The potential is great: hydrogen is the most common chemical element in the universe. It is not only a component of water, but of almost all organic compounds. The availability of hydrogen is almost unlimited, provided there is enough energy available to release it. The problem: Since it only occurs in the form of compounds, it has to be split off from a source material with the help of energy. So far, what is known as gray hydrogen has primarily been obtained – from fossil fuels, especially natural gas. But the future belongs to green hydrogen, which is produced by electrolysis of water. And renewable energies are used here.
This is why northern Germany, with its strong wind power resources, is so important for the “Hydrogen Republic of Germany”. And Hamburg, with its strong infrastructure and port, is at the center. Contrary to the proverbial Hanseatic reluctance, there is no messing about.
Some outstanding examples of what is happening in Hamburg right now:
- In the port, Hamburg Wärme is planning, together with Shell, Vattenfall and Mitsubishi Heavy Industries (MHI), what is currently the world’s largest plant for hydrogen electrolysis with an output of 100 megawatts. It is estimated that the plant could produce two tons of hydrogen per hour. With that, a car could travel 200,000 kilometers.
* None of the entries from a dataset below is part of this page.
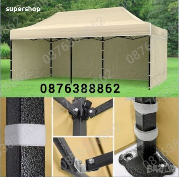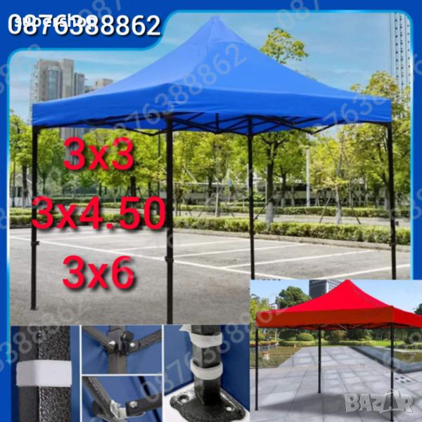 Сгъваеми шатра и тип хармоника 3х3м., подсилена консрукция - 18 кг. подходяща за къмпинг, риболов, събития на открито като представления, сватби, рожден ден, панаири и изложения. Може дори да я поставите в задния си двор, в градината за сянка и отмора за вашето семейство и гости. Вместо да се криете и притеснявате, че ако излезете в най-голямото слънце има вероятност да Ви стане зле и не смеете да излезете навън, ще може спокойно да се насладите на летния прохладен вятър на двора, криейки се на сянка под шатрата. Незаменима при горещо, слънчево време на места без сянка и при дъжд. Направена е с метална и стабилна, неръждаема конструкция и непромокаемо промазано платнище (издръжливо на всякакви климатични условия), а размерите и са съвсем достатъчни, за да си сложите под нея градинска мебел, хамак или шалте за пикник. Бързо сглобяване и разглобяване, лесна за пренасяне, за всички любители на риболова и къмпингуването. Може да бъде разпъната от един човек, без да се налага да търсите някой да ви помага. Всичко това я прави много търсена и предпочитана от всички фенове на риболова.Готова конструкция, хващате и разпъвате за секунди!!Нови шатри тип хармоника, сгъваеми, разпъващи, павилион, шатра сгъваема градинска тента-сенник.Покривало - гумиран полиестер, издръжлив на всякакви климатични условия, непромокаемо, промазано.Размери: 2х2 метра, 3х3 метра, 3х4.5 метра, 3х6 метраВисочина: 2.5 метра;Сгъваем механизъмМетална конструкция шагренНепромокаемо промазано платнище (издръжливо на всякакви климатични условия);Бързо и лесно разпъване;Цени за сгъваеми шатри тип хармоникаМодел 2х2м - шатра черна конструкция шагрен, усилена 129.00лв.Модел 3x3м - шатра бяла конструкция, цена - 120лв.Модел 3х3м - шатра черна конструкция шагрен, усилена - 139.00лв.Модел 3х4.50м - шатра черна конструкция шагрен, усилена - 189.00лв.Модел 3х6м - шатра черна конструкция шагрен, усилена - 270.00лв.Цветове- син, червен, зелен, бял, кремавХарактеристика:- размери: д/ш/в 3 х 3 х 2,50 м.- размери: д/ш/в 3 х 4,50 х 2,50м- размери: д/ш/в 3 х 6 х 2,50мПредлагаме също страници - завеси за шатритеСтраница 3м. - 18лв.Страница 9м. - 40 лв.Страница 12м. - 60 лв.Платнища с размерПокривало за шатр3 х 3м - 50лв.
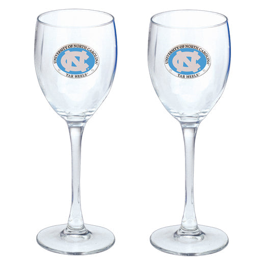 This is a set of two 12 ounce glass goblets with a fine pewter logo medallion bonded to the side.  It could be used to serve water, wine or other beverages. Made in USA.
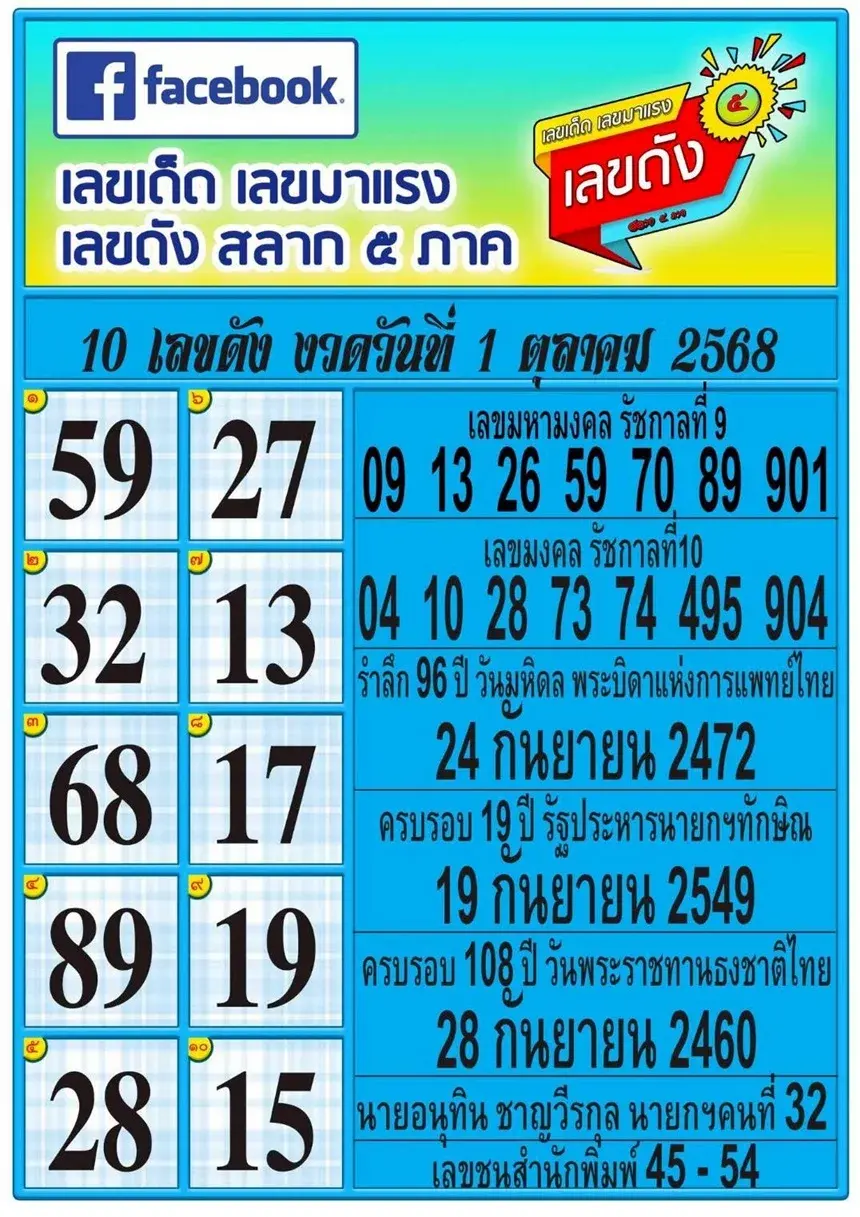 10 เลขเด็ดเลขดัง "สลาก 5 ภาค" งวดวันที่ 1 ตุลาคม 68..รีบส่องเลย ก่อนหวยหมดแผง!!

- In addition, a separate pipeline network is being created. Together with the municipal company Gasnetz Hamburg, Hamburg’s environmental authority is preparing a climate-neutral energy supply for large industrial companies in the port. The “Hamburg Hydrogen Industry Network”, or HH-WIN for short, with a length of 45 kilometers south of the Elbe, is to supply the energy-intensive steel, copper and aluminum industries there with green hydrogen by 2030 at the latest.
- Hamburg has joined forces with four other northern German states (Bremen, Schleswig-Holstein, Mecklenburg-Western Pomerania, Lower Saxony) to form the North German Hydrogen Alliance in order to enable the supply of as many interested customers as possible. Nine key industries will be supplied with hydrogen and at least 500 megawatts will be installed in northern Germany by 2025 – five times the capacity of the world’s largest electrolysis plant. The aim is to build a green hydrogen economy, the effects of which extend beyond the north. The coastal countries score points here with their strong ecosystem, the best location conditions and funding programs. Another plus for the region: top research, Northern Germany is Europe’s think tank for the hydrogen economy. The alliance’s funding is 9 billion euros.
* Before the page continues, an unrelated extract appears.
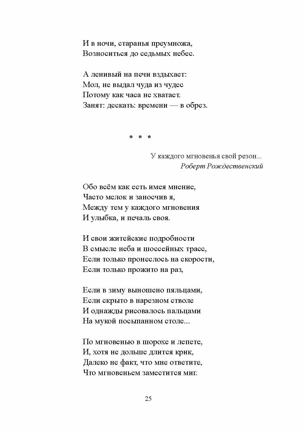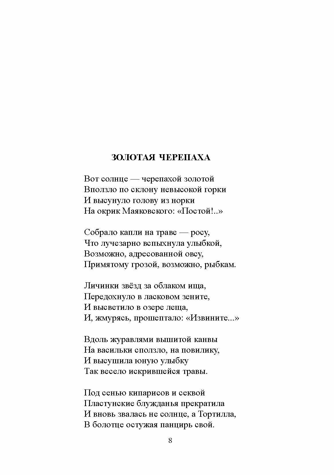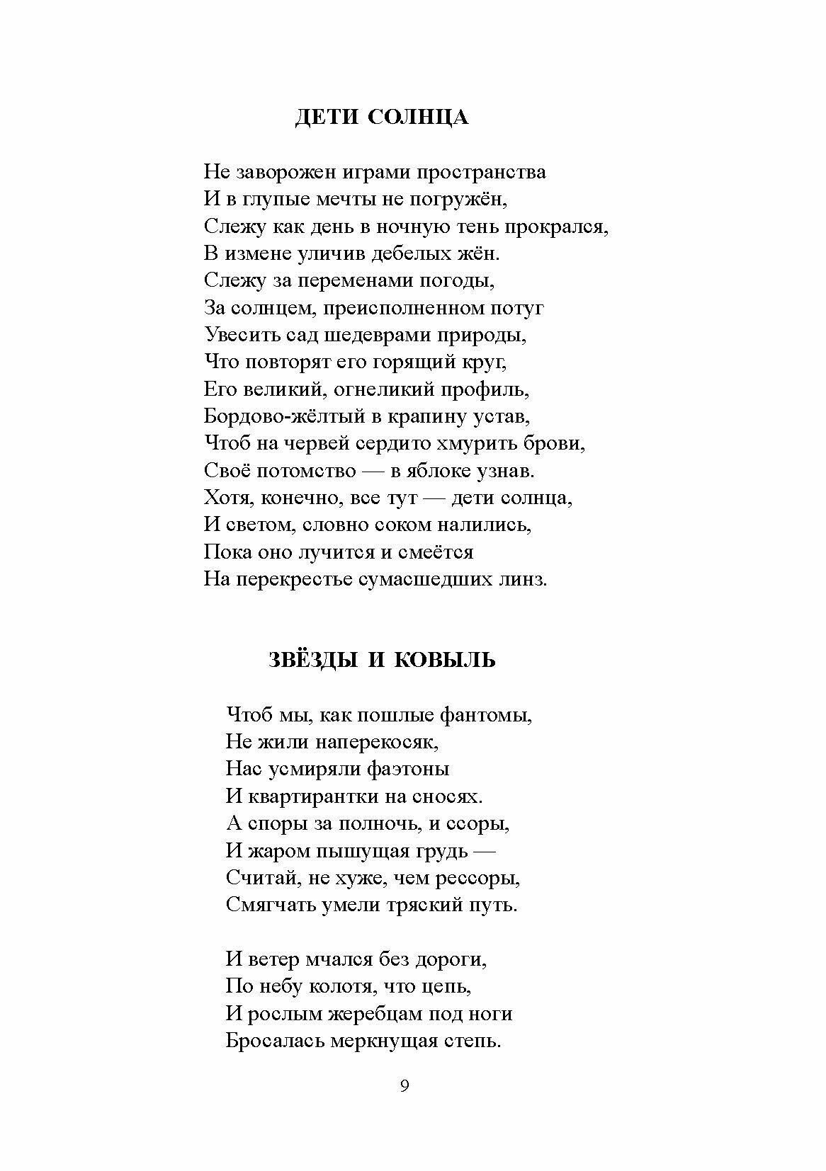 Стихи о важнейшем, начиная от Космоса и кончая кухонной поварёшкой. Всё, во что мы погружены, чем увлечены, в чём замешаны. Вся наша человеческая, личностная правда и сущность. И не то, чтобы натурально, но в поэтическом осознании и преломлении.

- Hamburg is not only going for hydrogen in the port: The Hamburger Hochbahn, a pioneer among municipal transport companies in the conversion to emission-free drives, will in a first step purchase up to 50 hydrogen buses.
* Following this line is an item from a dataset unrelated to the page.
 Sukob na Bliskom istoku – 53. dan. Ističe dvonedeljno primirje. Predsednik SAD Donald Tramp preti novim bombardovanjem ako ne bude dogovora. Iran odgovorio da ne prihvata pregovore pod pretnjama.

- And of course hydrogen is also an issue in Hamburg in the air: On the one hand, the aircraft manufacturer Airbus based in the Hanseatic city is developing a hydrogen aircraft. On the other hand, Hamburg Airport is investing heavily in the bearer of hope for the energy transition in order to build up an appropriate infrastructure. In the future, the vehicles at the airport will primarily run on hydrogen. Whether the airport will even have its own electrolysis system for production is being examined. After all, the hydrogen planes also have to be refueled.
It is not only the port, airport and companies that make Hamburg so important as a hydrogen location, research is also at the forefront. For example, the Helmholtz Center in neighboring Geesthacht is working on a new type of storage device for hydrogen that could also be used in cars.
For Senator Westhagemann, the 2015 Paris Agreement, in which the signatories spoke out in favor of limiting global warming, acted like a “turbo charger” for green hydrogen. The Paris goals in industry and mobility cannot be achieved in any other way than with hydrogen. The Senate sees the importance of Hamburg and Northern Germany far beyond the “Hydrogen Republic of Germany”. According to Westhagemann’s idea, the coastal region should build a networked infrastructure for all of Northern Europe. The topic emerged from its niche and Hamburg played a decisive role in this. His demand for all stakeholders: “Get faster, use the dynamism, set ambitious goals.” The potential is huge, the fundamentals are broad: “Knowledge, specialists, companies, everything is there in Hamburg.”